How often do I commit?


Generally you should commit your changes anytime you think you’ve finished something useful that doesn’t introduce problems into the system. On the average, you should be committing changes at least once a day. 

There’s two parts to this commit rule. "Finished something useful" might mean many things. This is by design. When you’ve finished a logical chunk of code that does something, feel free to commit it. "Doesn’t introduce problems" is a common courtesy to your fellow developers. Make sure, at a minimum, the system builds and passes any automated tests you have. And always update before you commit. Depending on your team size and how important the code is, you might establish a checklist for committing. Google has theirs automated. Every change the system has to build, pass tests, and pass a peer review before it can be committed. 

Remember this mantra: Commit early, commit often.

But if everyone is committing all the time, isn’t that going to cause problems?


When you’re working with people and coordinating effort, problems will inevitably arise. Just remember, if you’re going to fail, fail early. It’s better to cause a conflict today through miscommunication while there’s plenty of time to fix it than the day before it’s time to deploy.
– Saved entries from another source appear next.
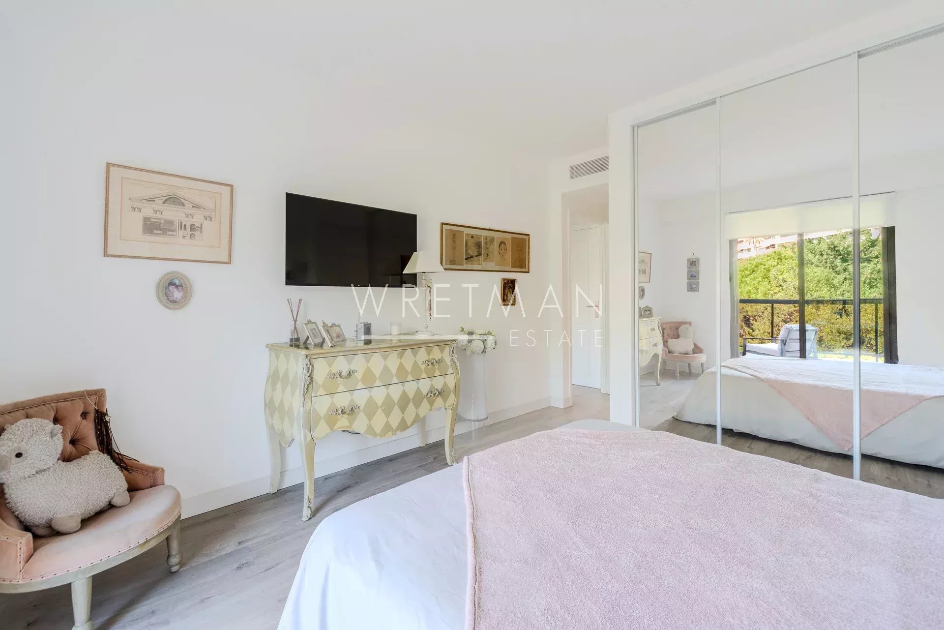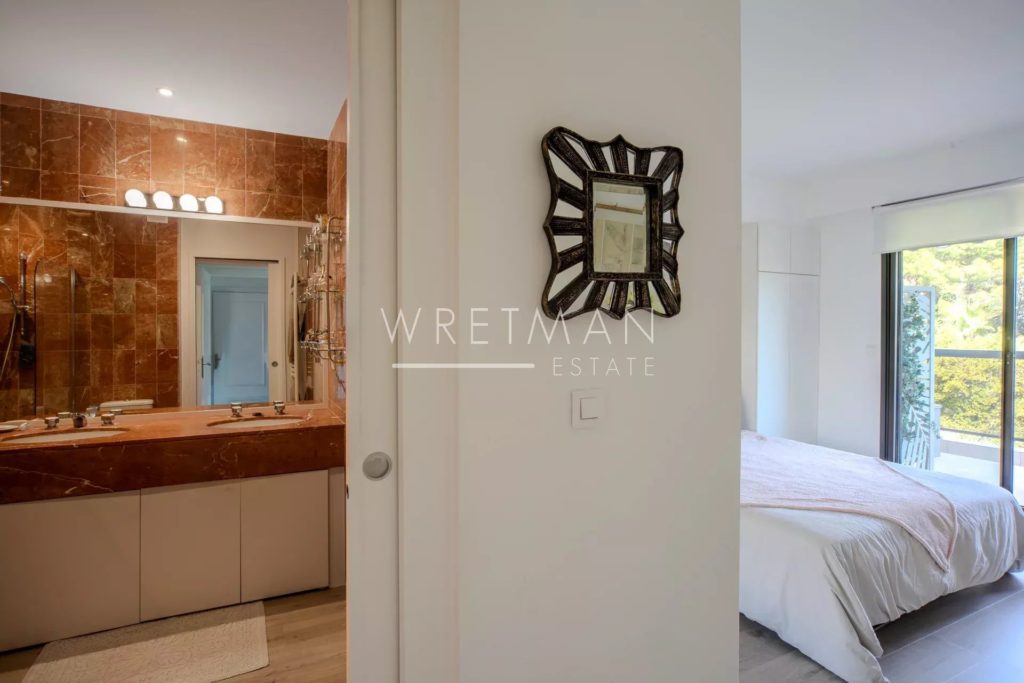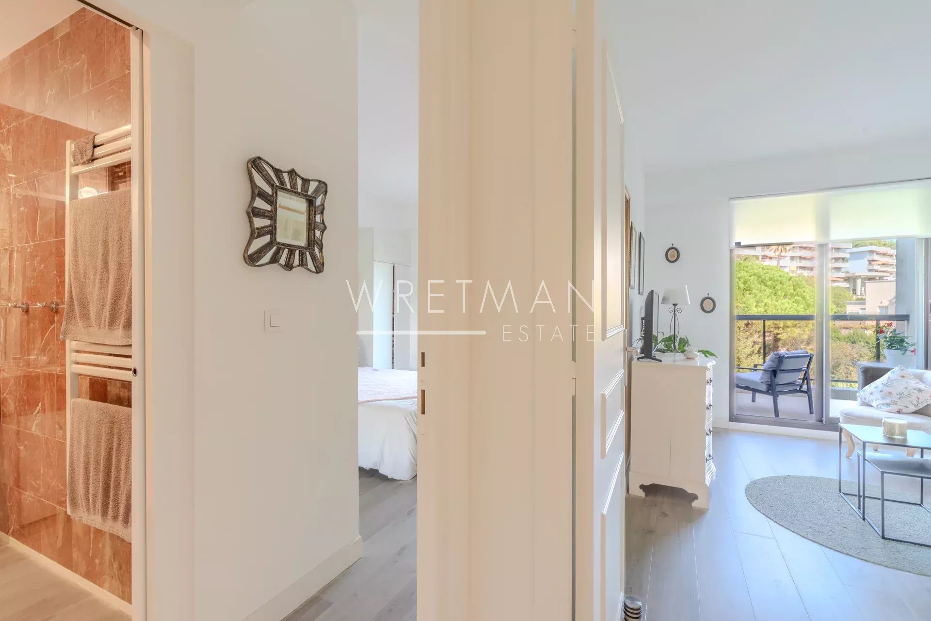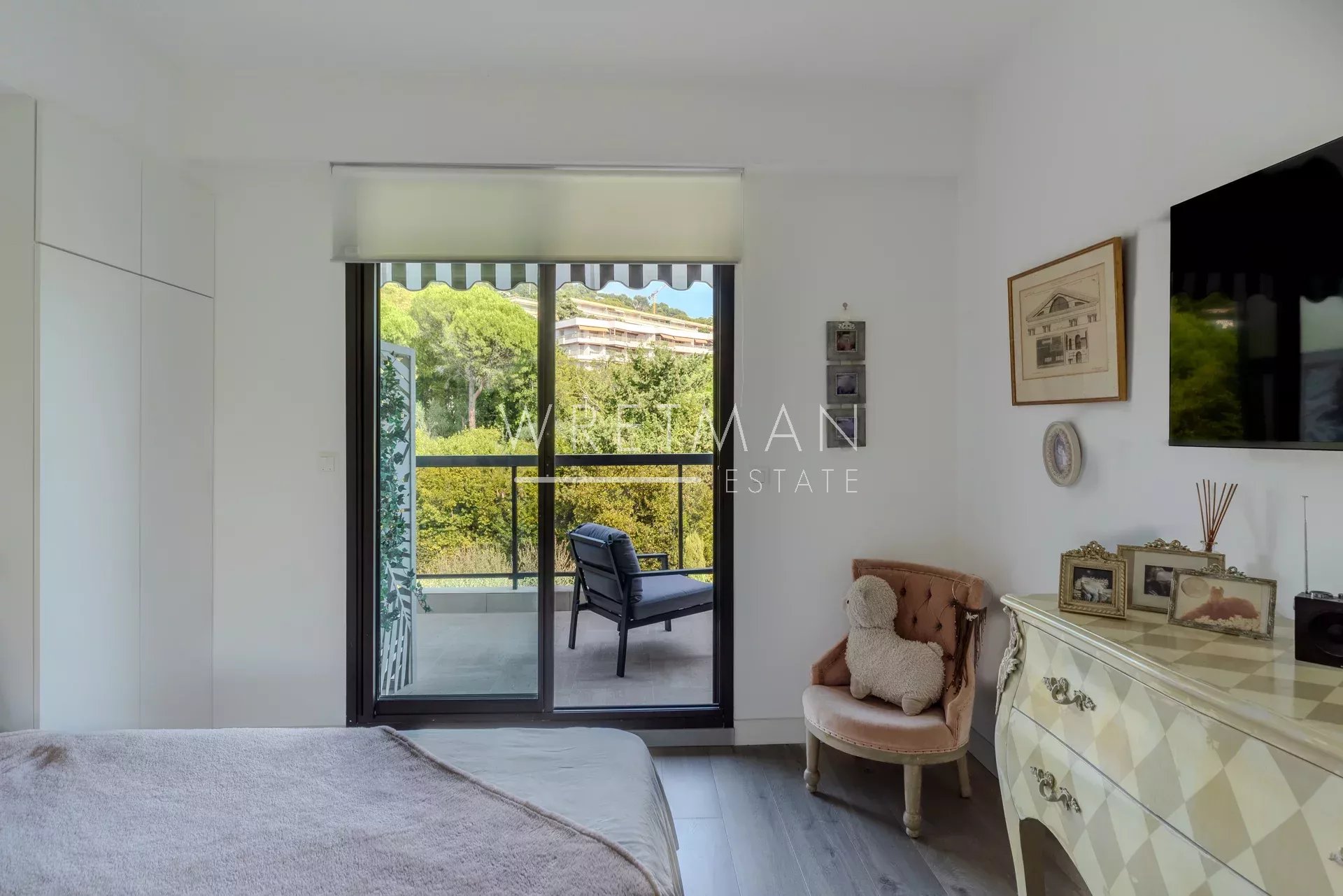 Traversant, climatisé et bénéficiant d’un calme absolu, l’appartement profite d’une luminosité exceptionnelle. Il s’ouvre sur une première terrasse de 14,51 m² exposée Sud-Ouest, offrant une vue dégagée sur la végétation, un agréable aperçu mer ainsi qu’une vue sur l’Estérel.
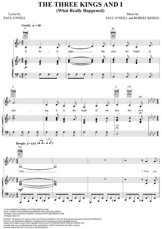 Digital Sheet Music for The Three Kings and I (What Really Happened) by Trans-Siberian Orchestra, Paul O'Neill, Robert Kinkel scored for Piano/Vocal/Chords; id:253918
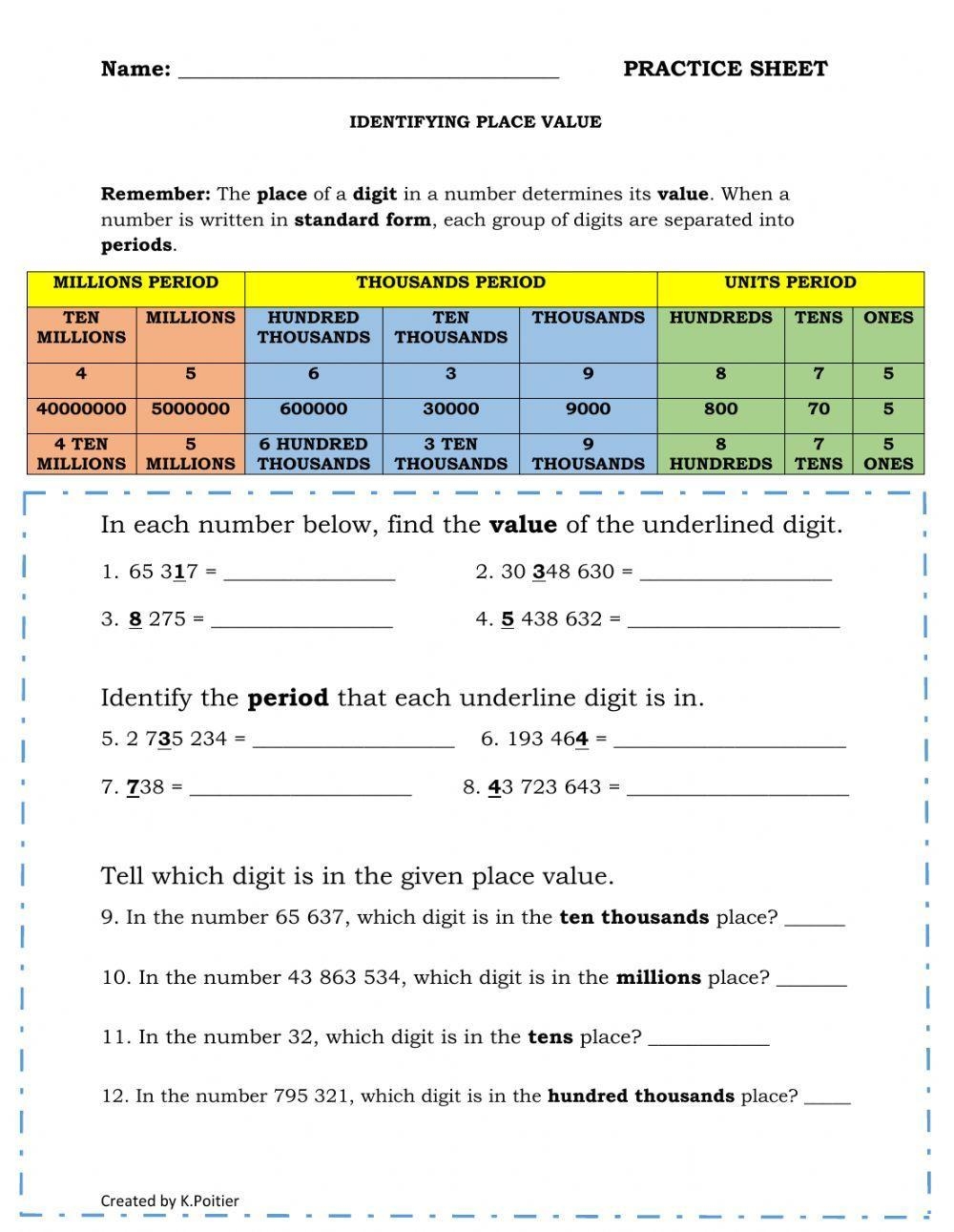 With the help of place value worksheets, students can strengthen their skills in recognizing the value of each digit in a number, as well as comparing and ordering numbers. These worksheets often include a variety of exercises, such as identifying the place value of specific digits, expanding numbers, and solving word problems related to place value.
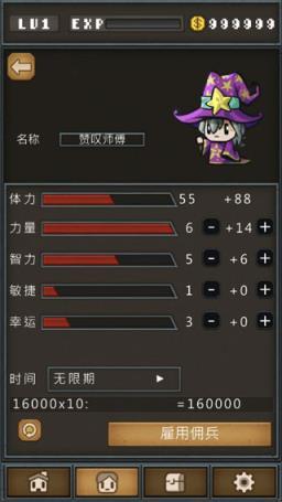 英雄可在雇佣界面进行招募,其中有分为7天、14天和无限期的时间限制,且初始化属性的加点也影响着招募的价格。
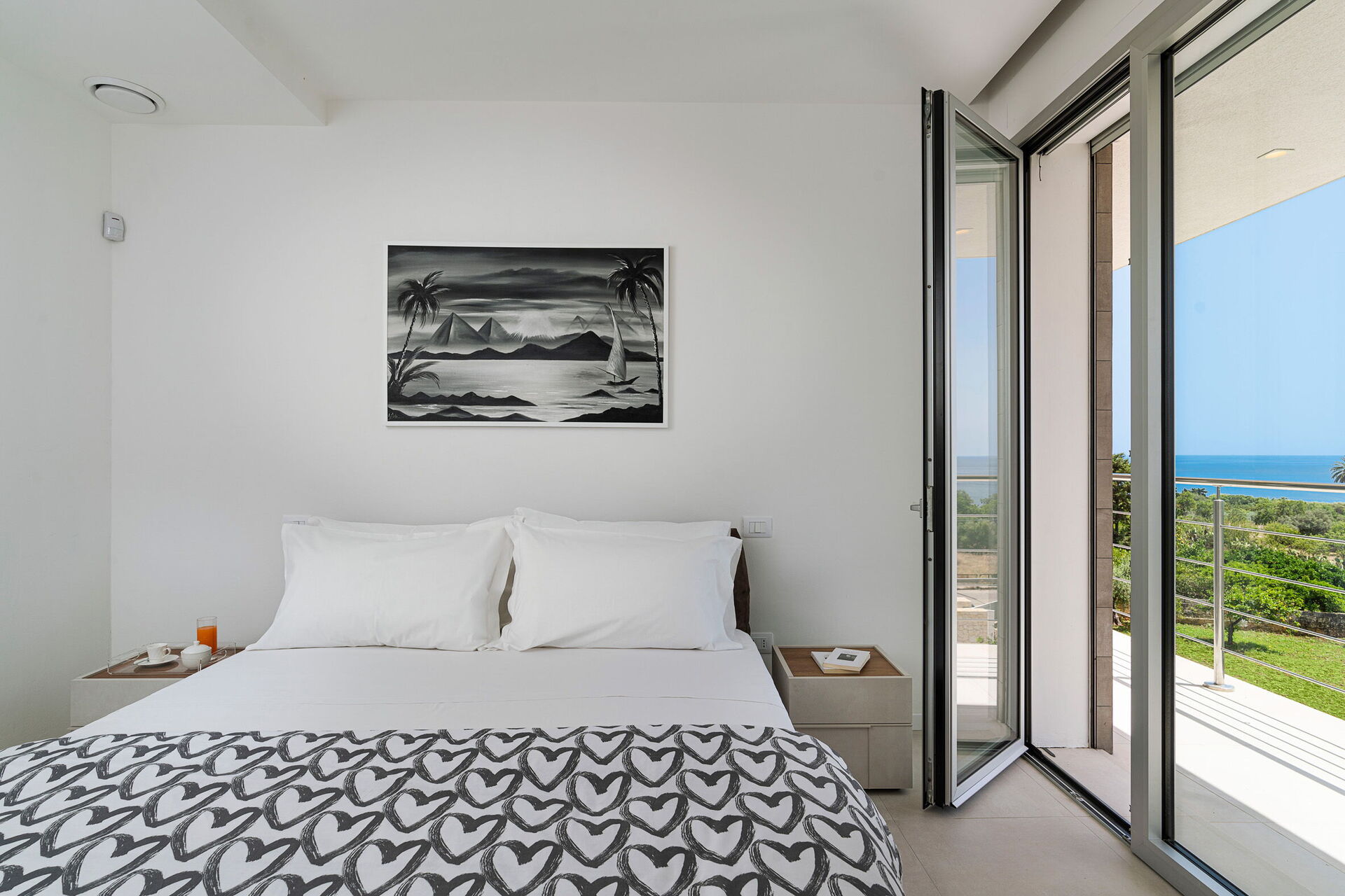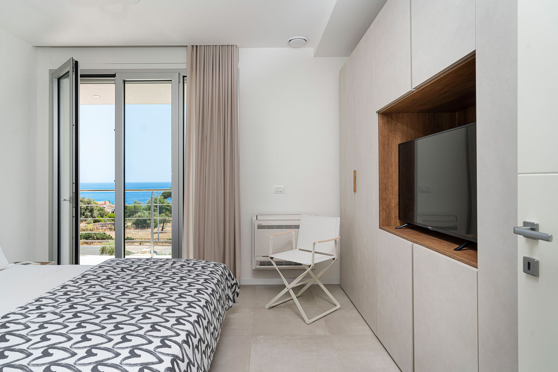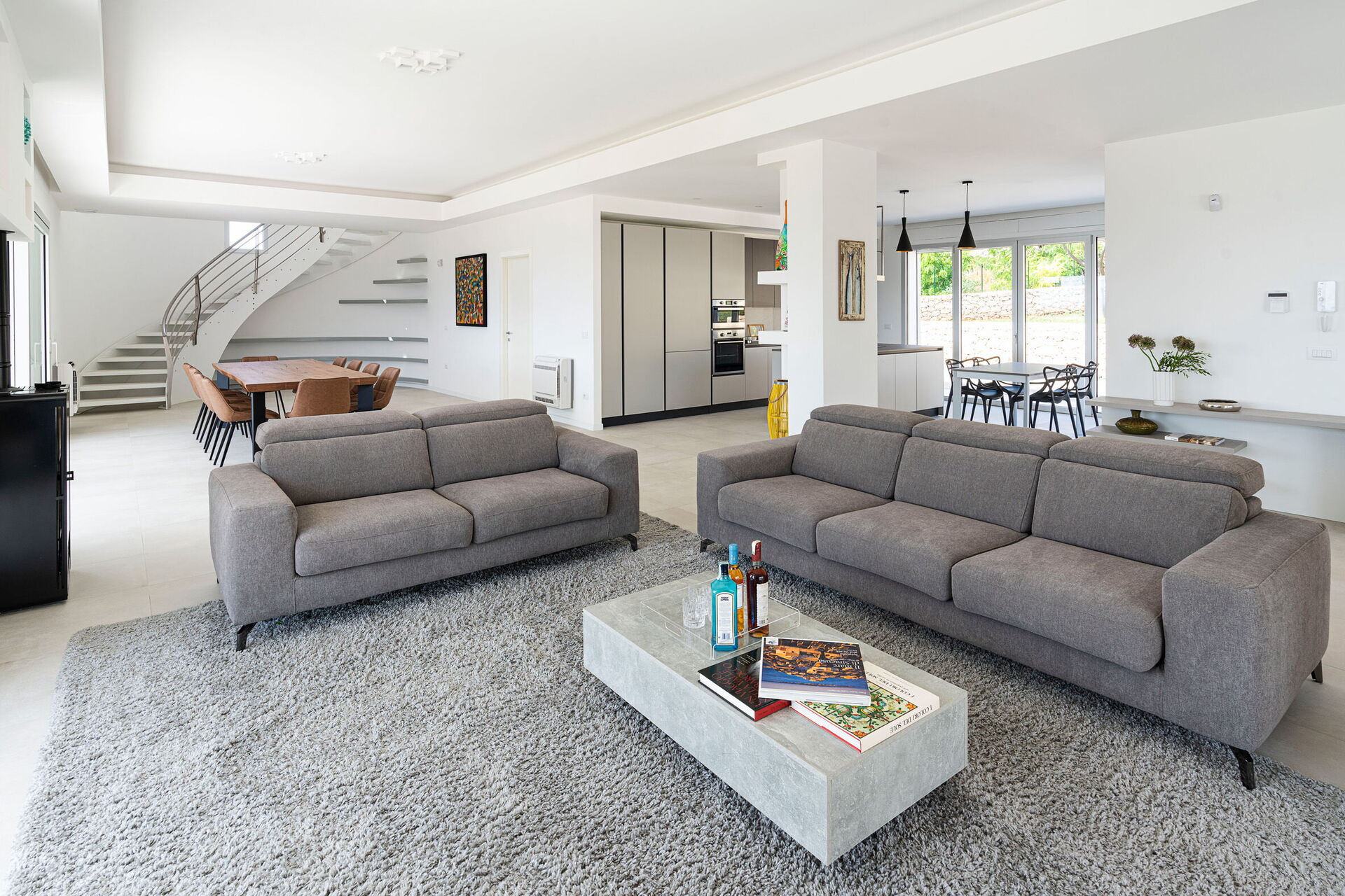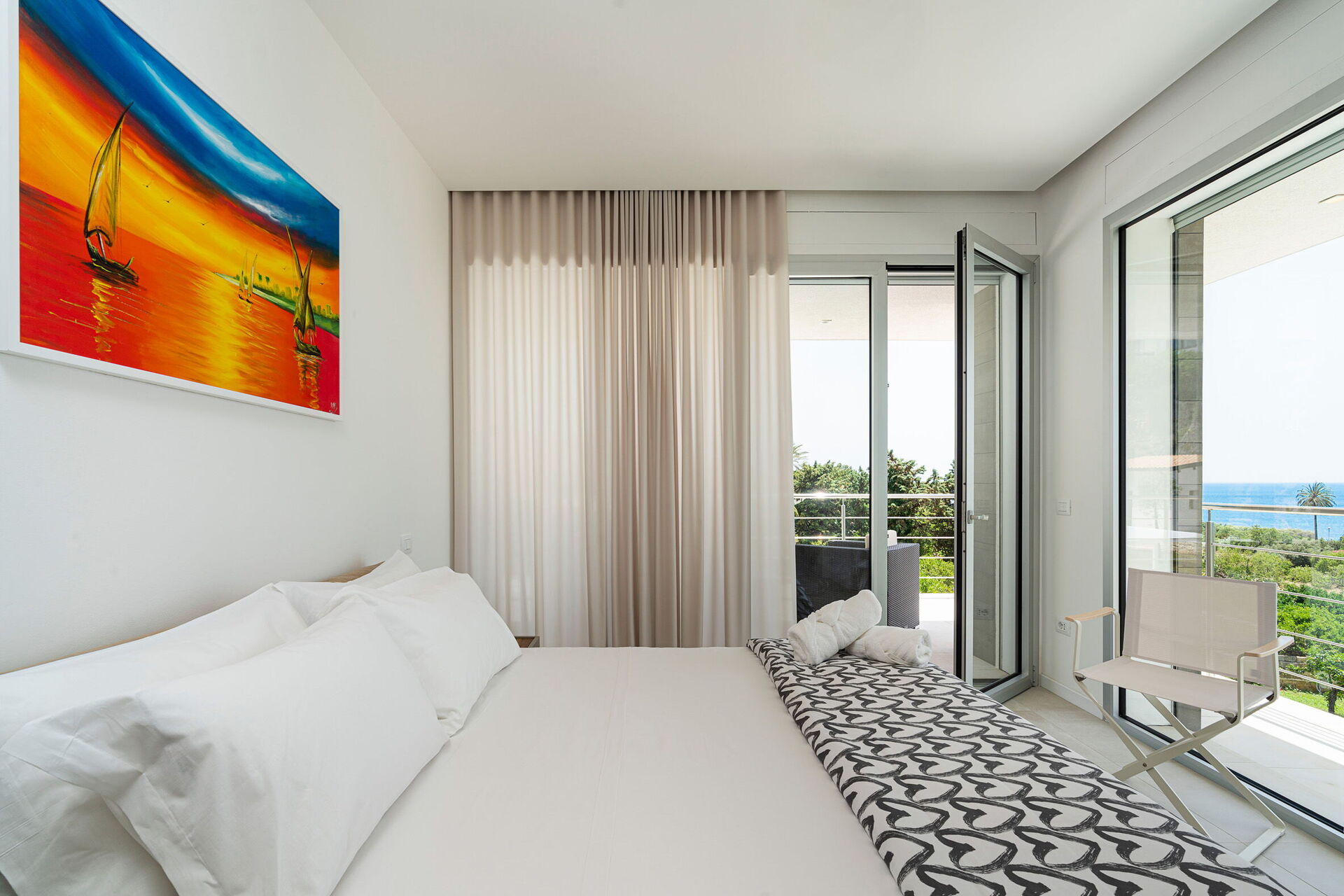 Cette villa de vacances exclusive au design contemporain jouit d'une position panoramique avec une vue sur la mer à couper le souffle, que l'on peut admirer depuis ses spacieuses terrasses et sa piscine privée chauffée purifiée au sel.

Why? The conflicts will be smaller since you’re incrementally growing your code base. Also, since you made the changes recently they are fresh in your head and easier to work with. Code more than a week old might as well have been written by someone else. Taking a risk management approach makes mitigating this easy. The risk: "Developers use a shared repository and commit changes frequently; might cause code conflicts that break the build." The source of this risk is communication; therefore anything which helps facilitate communication can reduce the likelihood of this risk becoming a problem. Daily stand-up meetings are perfect for getting the word out about what everyone is working on. Automatically generated email updates from the version control system keep folks abreast throughout the day as changes are made. Continuous integration acts as a smoke test for uncovering integration problems while they’re small. Good merge tools can help reduce the impact of the consequence.

Once everyone gets used to the update-then-commit cycle, most of these problems go away. In my experience, big problems with code in the repository are usually a symptom of larger problems such as poor communication or failing processes.

What are some of your version control philosophies? What helps you keep things organized so you can get things done?